As Heather Ferris, assistant professor of medicine at the University of Virginia, says, “There is still a lot we don’t know about how increasing sugar in the diet, without causing weight gain, is associated with disease risk. But how long and how well the pancreas can handle sugar depends in part on genetics.”

But it’s important to remember that we always run the risk of consuming more calories than we need when we drink juice. You can drink a lot of fruit juice pretty quickly and not even notice it – but it will affect the calories. And the increase in calories, in turn, will contribute to weight gain.

Juice with a twist

However, there may be a way to increase the health value of juices! In one study last year, scientists examined the properties of juice made with a “nutrient extractor” blender that, unlike traditional juicers, makes juice from whole fruits, including seeds and skins. The researchers were able to find that drinking this juice caused even less of an increase in blood sugar levels than just eating a whole fruit.

According to Gail Rees, a researcher and senior lecturer in nutrition at the University of Plymouth, these results were likely related to the content of fruit seeds in the juice. However, according to her, based on this study, it is still difficult to give clear recommendations.

“I would certainly agree with the well-known advice of 150 ml of fruit juice a day, but if you make juice with such a blender, it can help you keep your blood sugar relatively stable,” she says.

While the content of the seeds in the juice may have some effect on digestion, Ferris says there won’t be much change in the composition of the juice. Drinking such juice will be better than traditional juice, although you should still not forget that it is quite easy to drink a lot of juice and exceed the required number of calories.

According to Roger Clemens, a professor of pharmaceutical sciences at the University of Southern California, to improve the impact of fruit juice on our health, it is worth choosing ripe fruits, which retain more beneficial substances.

It is also worth considering that it is worth choosing different methods of juicing depending on the fruit. For example, most of the phytonutrients in grapes are found in the seeds, while very few are found in the pulp. And most of the beneficial compounds found in oranges are found in the skin, which is not used in traditional juicing methods.

The detox myth

One reason for the popularity of fruit juices is that they supposedly help detoxify the body.

In medicine, “detox” refers to the removal of harmful substances from the body, including drugs, alcohol, and poison.

“The fact that juice diets help detox the body is a delusion. We consume substances on a daily basis, which are often quite toxic, and our body does a great job of detoxifying and destroying everything we eat,” says Professor Clemens.

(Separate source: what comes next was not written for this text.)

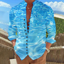 Herren Wellen Meereslandschaft Muster Hemd Sommer Hawaiihemd Alohahemd Langarm Hemd Stehkragen Mode Designer Lässig Outdoor Urlaub Straße Rote Königsblau Blau S M L |

“In addition, sometimes the bulk of the nutrients are found in parts of the fruit, such as, for example, apple peel. When juicing, it is removed, and as a result you get sweet water with a small set of vitamins. Plus, it’s not the best way to consume the recommended “five fruits a day.” People try to eat five servings of fruits and vegetables a day and don’t realize that this is not only about vitamins, but also about reducing the amount of carbohydrates, proteins and fats in our diet and, of course, about increasing the amount of fiber, ”adds Ferris.

So while drinking fruit juice is better than not eating fruit at all, there are some limitations. It is especially important to remember that it is not recommended to consume more than 150 ml of juice per day, and it is also necessary to ensure that its consumption does not contribute to the excess of daily calories. Juice can provide us with some vitamins, but we should not consider it as a perfect and quick solution.